June 22, 2026
AI origin story or credit heist?
Munich 1991: The Roots of the Current AI Boom
Was AI really born in one Munich lab? Commenters are absolutely not calm
TLDR: The article claims one Munich lab in 1991 laid down key ideas behind today’s AI boom long before Big Tech cash arrived. Commenters were split between giving Schmidhuber his flowers and accusing the post of skipping earlier pioneers, turning it into a messy fight over who really deserves credit.
This post arrives with a huge claim: that many of the ideas powering today’s chatbot boom were sketched out in Munich in 1991, inside Jürgen Schmidhuber’s lab at the Technical University of Munich. In plain English, the article says a lot of the tricks behind modern AI assistants were dreamed up there decades before today’s tech giants started spending billions. It’s a classic “the future was hiding in an old university lab” story — and the comments instantly turned it into a full-on credit war.
The loudest reaction was basically: “Hold on, not so fast.” One commenter argued that if you’re talking about the roots of modern AI, you can’t just skip past earlier pioneers like Geoffrey Hinton and the wider 1980s research scene in places like Edinburgh. In other words, the community smell-tested the article and immediately asked whether this was history… or historical rebranding. Another thread took a different turn and used the article as ammo in a bigger fight: if university labs really planted the seeds of today’s trillion-dollar AI race, what does that say about the popular online take that academia is slow, useless, and living off taxpayer money? That sparked some delicious subtext: maybe the nerds in old labs deserve more credit than flashy private companies.
And then, because this is the internet, the side quests arrived. One person dropped a bare Wikipedia link like a digital eyebrow raise. Another cheered, “TU Munich is cool :-),” while someone else pointed readers to Schmidhuber’s very spicy Nobel-prize grievance page — because apparently no AI history debate is complete without a little academic beef. So yes, the article is about the roots of AI, but the comments made it about something even juicier: who gets to write the origin story.
Key Points
- •The article argues that several techniques central to modern AI systems were published by Jürgen Schmidhuber’s team in Munich in 1991.

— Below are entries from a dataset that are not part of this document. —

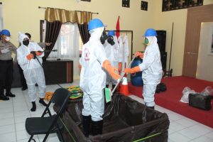 Menggunakan APD lengkap mulai dari baju, sepatu,kacamata,penutup kepala, Sarung tangan dan Masker N-95 dan cuci tangan 6 langkah sesuai protokol WHO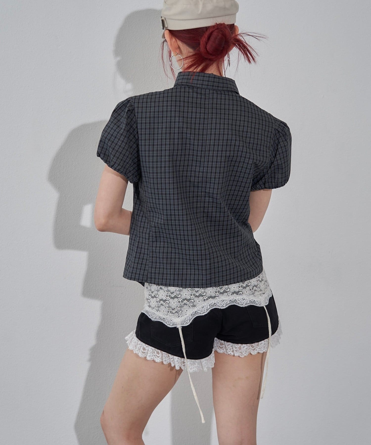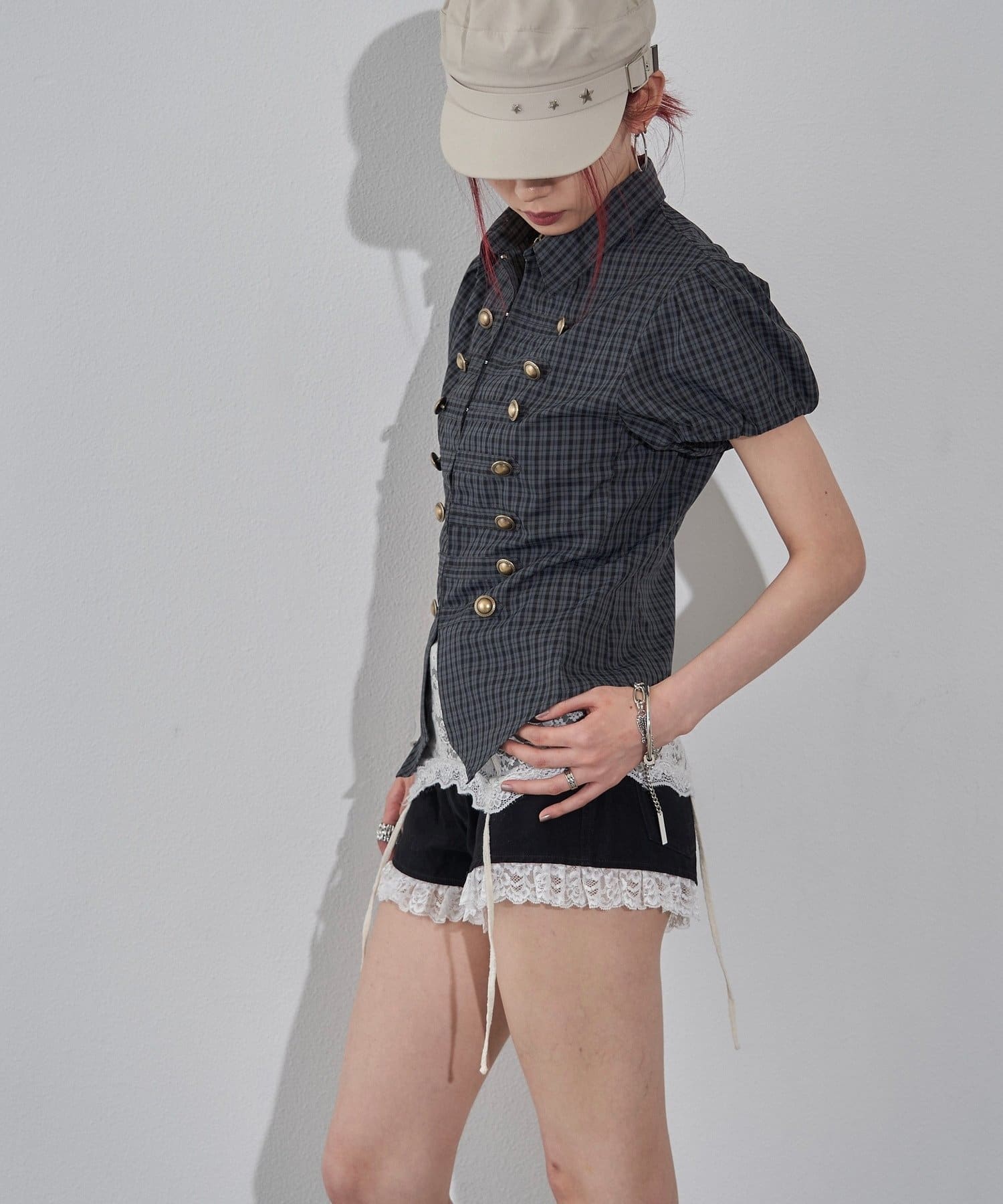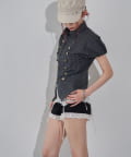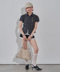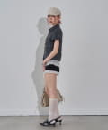 ・春夏っぽくミニ丈のブラウスにミニ丈のボトムスを合わせるとガーリーな印象に。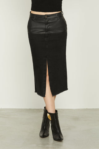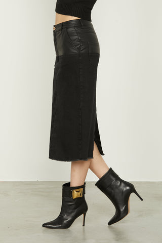 Longuette ALTERY vita alta con bustino ecopelle più doppio spacco sfrang.denim
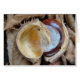 Castanho, seco de casca a, uma castanha-da-índia com dois metades antes de folhas e pano de fundo escuro é ser ver em este cartão. O cartão é em branco.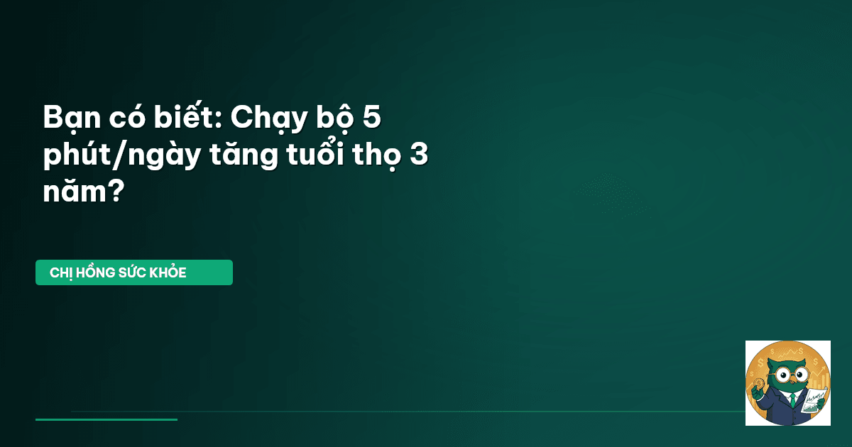 Hôm nay, Chị Hồng muốn trò chuyện với các em về một điều đơn giản nhưng vô cùng mạnh mẽ: chạy bộ. Nghe đến chạy bộ, nhiều người sẽ nghĩ ngay đến những vận động viên chuyên nghiệp hay những người chạy marathon, nhưng không phải vậy đâu nhé. Chị Hồng sẽ tiết lộ một sự thật bất ngờ: bạn không cần phải chạy hàng chục kilomet mỗi ngày để kéo dài tuổi thọ. Chỉ với 5-10 phút chạy bộ nhẹ nhàng mỗi ngày, bạn đã có thể làm được điều đó rồi!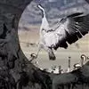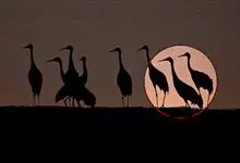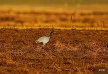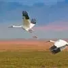 蓑羽鹤大型涉禽,体长68~92厘米,是鹤类中个体最小者。通体蓝灰色,眼先、头侧、喉和前颈黑色,眼后有一白色耳簇羽极为醒目。前颈黑色羽延长,悬垂于胸部。脚黑色,飞翔时翅尖黑色。…全部>>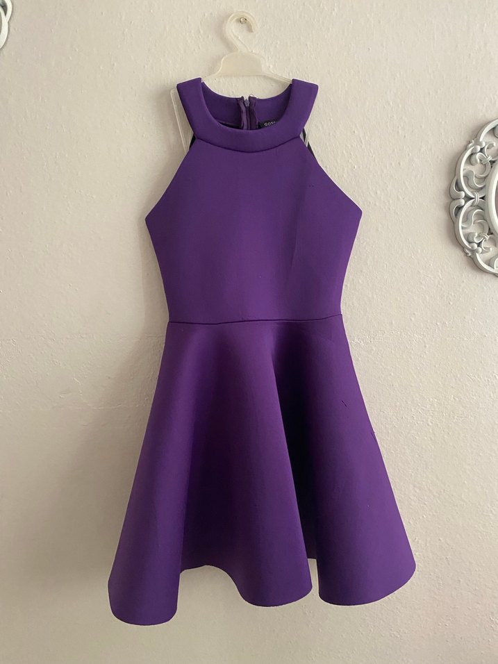 Mor renkli, yüksek yakalı ve kolsuz midi elbise. Bel kısmı oturan, pileli etek detayına sahip, desensiz kumaştan yapılmıştır. Parti için uygundur. Dalgıç kumaştır kabarık durur

- •It says the Technical University Munich lab introduced an early Transformer variant, unsupervised pre-training, neural network distillation, and deep residual learning.
- •The article connects these methods to present-day large language models such as ChatGPT.
- •It also states that the lab laid early groundwork for generative adversarial networks and later generative AI.
- •David Ha links Schmidhuber’s earlier work to later developments including Google Brain, Sakana AI’s recursive self-improvement research, and World Models.